Ditambah lagi beberapa waktu lalu statemen presiden
bahwa presiden “boleh kampanye dan memihak” berpotensi menyebabkan penyelenggaran pemilu menjadi “tidak netral” serta “diwarnai kecurangan dan keberpihakan yang tidak adil.
Padahal seorang pejabat publik, presiden wajib hukumnya memiliki “ETIKA PUBLIK”.
Alat ukur etika publik adalah Konstitusi dan UU. Ada larangan bagi pejabat negara untuk tidak membuat keputusan yang menguntungkan atau merugikan peserta pemilu, termasuk kegiatan yang mengarah pada keberpihakan.

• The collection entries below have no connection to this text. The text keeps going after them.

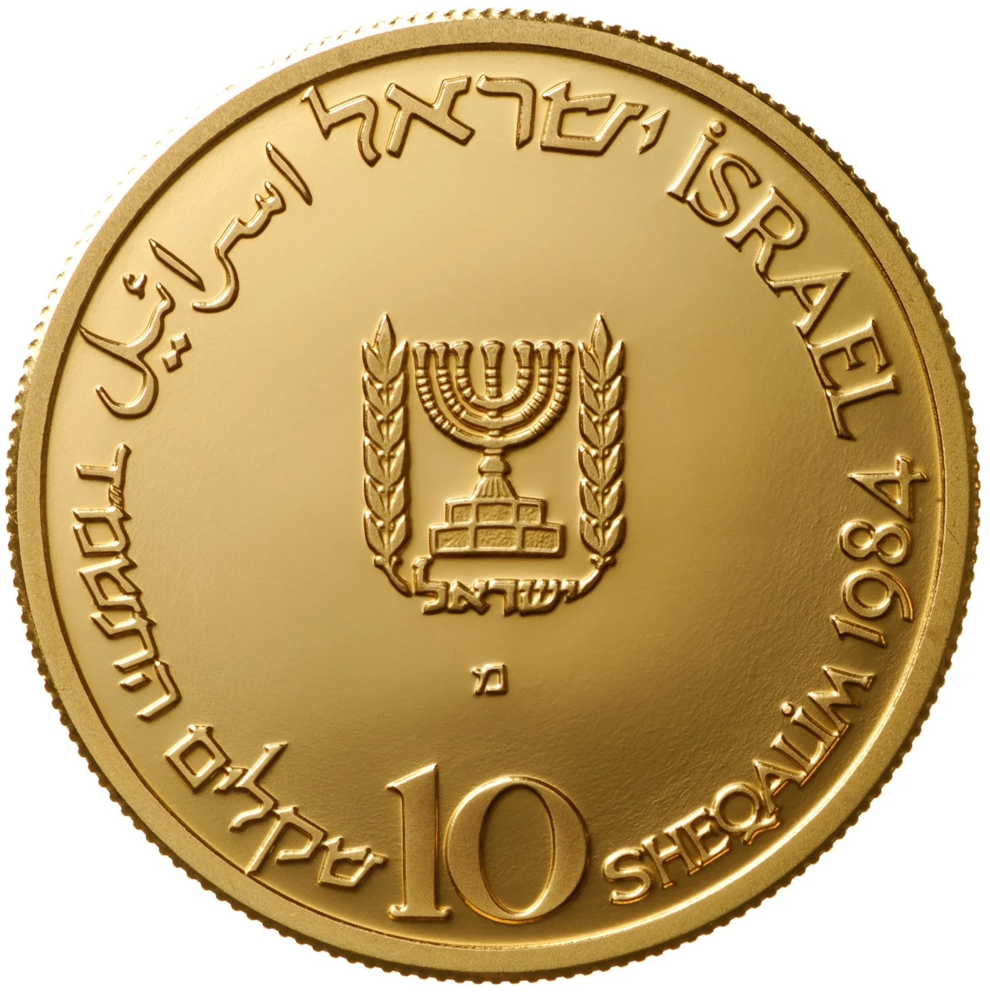 Israel's emblem, "Israel" in Hebrew, English, and Arabic, the year 5744-1983, and the face value.
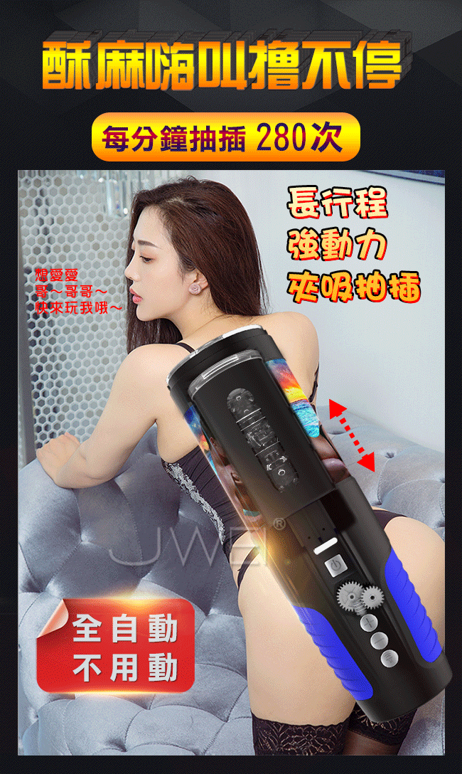 全自動抽插伸縮不用動,高潮不再只是想像!10頻5速伸縮全力抽插一吸一放,澎湃高潮狂襲而來。上下左右高速爆抽喚醒您沉睡的大鵰~採用模擬肌膚的材質4D逼真通道,柔軟超彈刺激您每一寸肌膚。10種互動發聲叫床,讓您選擇今晚要插哪一個!握把設計防滑矽膠再快也不擔心脫落,玩您想玩的速度。採用USB磁吸充電,一次充電讓您徹夜未眠方便快捷。
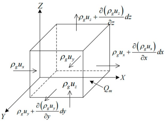 Figure 1. Gas mass conservation in the coal body. Qm represents the source term, which is taken as 0 in this study; ux, uy, uz represent the seepage velocities in the x, y, and z directions, m/s; ρgux, ρguy, ρguz represent the seepage fluxes in the x, y, and z directions, in kg/(m2·s).

Hal ini, tercermin dalam Pasal 282 UU No. 7 tahun 2017 tentang Pemilihan Umum yang melarang pejabat negara untuk membuat keputusan yang menguntungkan atau merugikan salah satu peserta pemilu. Dan Pasal 283 yang melarang pejabat negara mengadakan kegiatan yang mengarah pada keberpihakan terhadap peserta pemilu.
Pertanyaannya ada jaminan Jokowi kampanye netral untuk Paket Gama karena bersama di PDIP atau untuk Prabowo Subianto dan Gibran Rakabuming Raka kebetulan putranya sendiri?
Dugaan publik sangat kuat, presiden ke 7 ini jika benar menggunakan hak politiknya berkampanye akan condong untuk anaknya Gibran Rakabuming Raka.
Dugaan sikap dan tindakan sembrono dari presiden asal Solo ini, semakin menunjukan bapa sayang anak serta kepanikan Jokowi karena keyakinan satu putaran pilpres 14 pebruari rasanya berat terbukti.
Oleh karena itu, melihat cawe- cawe mantan Walikota Solo ini membuat kecintaan publik yang sunguh luar biasa kepada Joko Widodo semakin degradasi karena ulahnya sendiri menjelang pesta demokrasi.
Politik kekuasan serta money politics yang dipertontonkan tim sukses Paslon no. 2 sebagaimana dilansir berbagai media online adalah bukti Joko Widodo tidak tegas sebagai kepala negara dan panglima tertinggi yang seharusnya berdiri tegak lurus di atas semua paslon, parpol agar publik meyakini dan bangga memiliki presiden sebagai bapa bangsa yang patut diteladani dan dikenang.
Tetapi sayangnya semua kesan manis buat Joko Widodo ini justru di saat- saat akhir masa jabatannya beliau sendiri menunjukan sikap tidak netral dengan sadar menabrak UUD dan UU. Miris!